Strategies presentation | Ricardo Martén

Strategies presentation | Ricardo Martén

The future of Yangon will reflect Myanmar’s ruling class capacity to integrate a country deeply divided along political and ethnic lines. Societal tensions are inevitably translated into the built environment, materialising through spatial configurations, taking shape through forms, networks and materiality –in roads, in house typologies, in infrastructures, in trade economies, in territorial ownership. The friction between the antagonistic pressures that dispute rapid large-scale transformation against the slow-paced growth of local communities exposes the need to address the disparities in relation to mobility, access and environmental risks –and in Yangon’s specific case, the right to the city to come. If local communities’ capacities for upgrading and city-making are acknowledged, anchored in multiple agencies rather than unilateral imposition, Yangon could build a vision of open, heterogeneous, and rich urban life.

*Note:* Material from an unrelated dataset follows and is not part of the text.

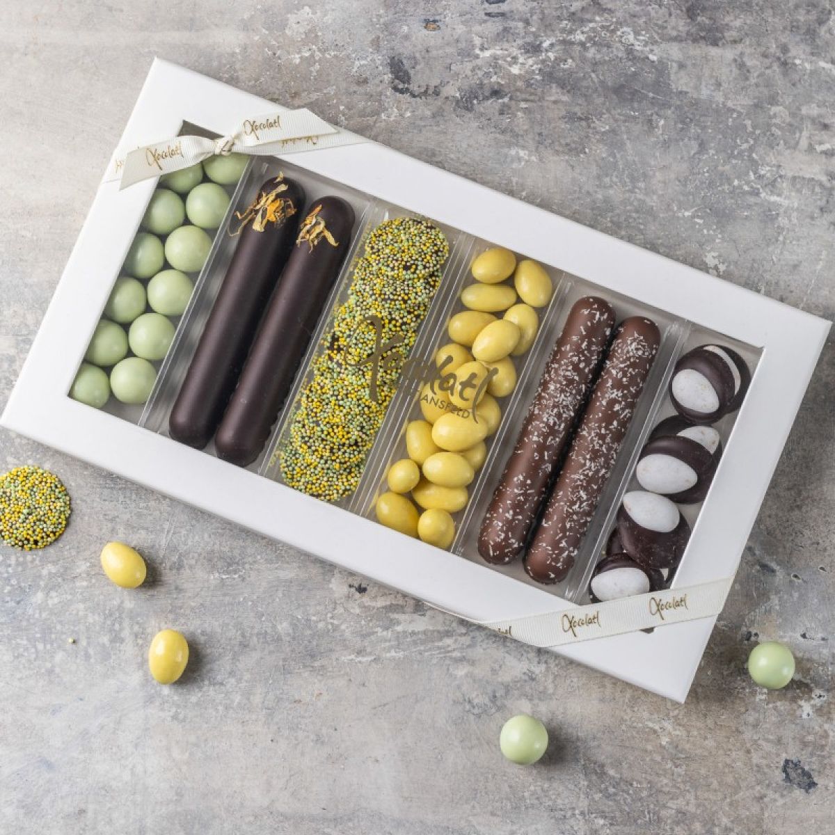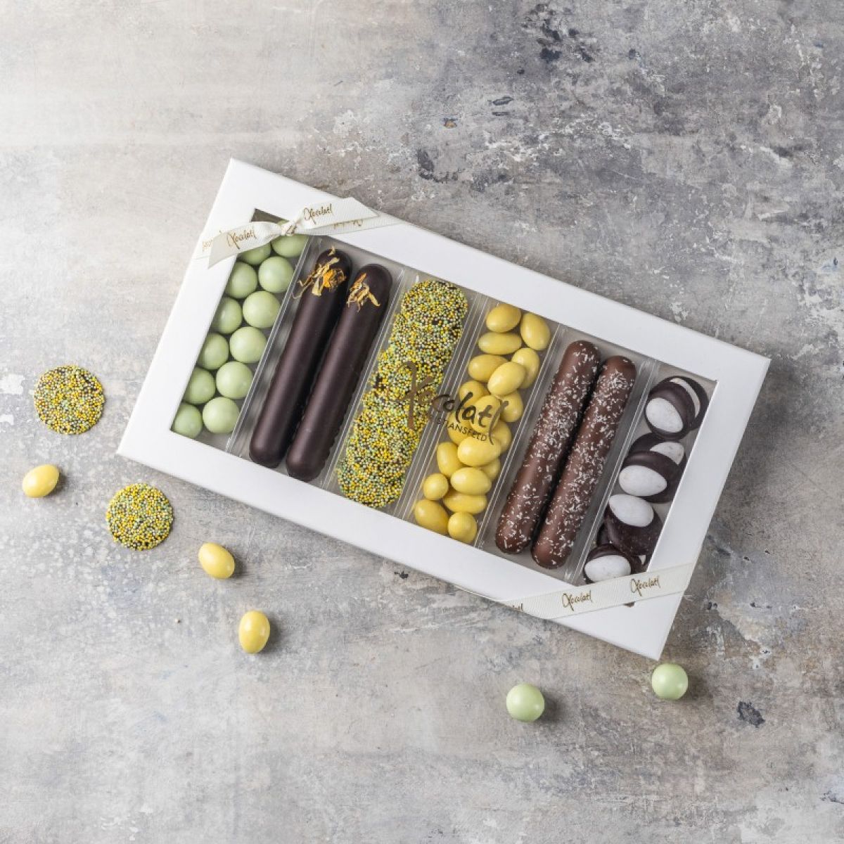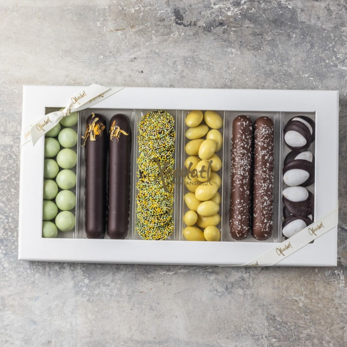 Lakrids med hvid chokolade og lime, marcipanstænger overtrukket med mørk chokolade, chokoladepoletter med karamelfyld, sprøde mandler med hvid chokolade og passionsfrugt, marcipan stænger med mælkechokolade og kokos, samt mørke chokoladepoletter med sprøde dronningemandler.

Field trip team and partners | Xiaodan Li

Field trip team and partners | Xiaodan Li

As mentioned, the 2017 BUDD fieldtrip was possible thanks to the programme’s partnerships with Women for the World, Community Architects Network (CAN), the Asian Coalition of Housing Rights (ACHR), Yangon Technological University (YTU), the Association of Myanmar Architects (AMA) and the special contributions from Somsook Boonyabancha, Jayde Roberts and representatives from the Yangon City Development Committee (YCDC).

Axonometric design | Salma Nassar

Axonometric design | Salma Nassar


Ricardo Marten Caceres is an architect and urban designer, graduated from the Technological Institute of Costa Rica (ITCR) and with an MSc degree from BUDD. He has worked as an architect in between studies, leading a studio practice in Costa Rica focused on residential projects, as well as being partner in a design practice based in Germany working with several NGOs in Haiti, the Philippines and Tanzania. His academic interests lie in the urban dynamics between informal settlements and territorial variables. Ricardo’s current PhD candidacy looks to examine these elements, particularly focusing on the urban legacy of official spaces of exception and the resulting informal counter-narratives.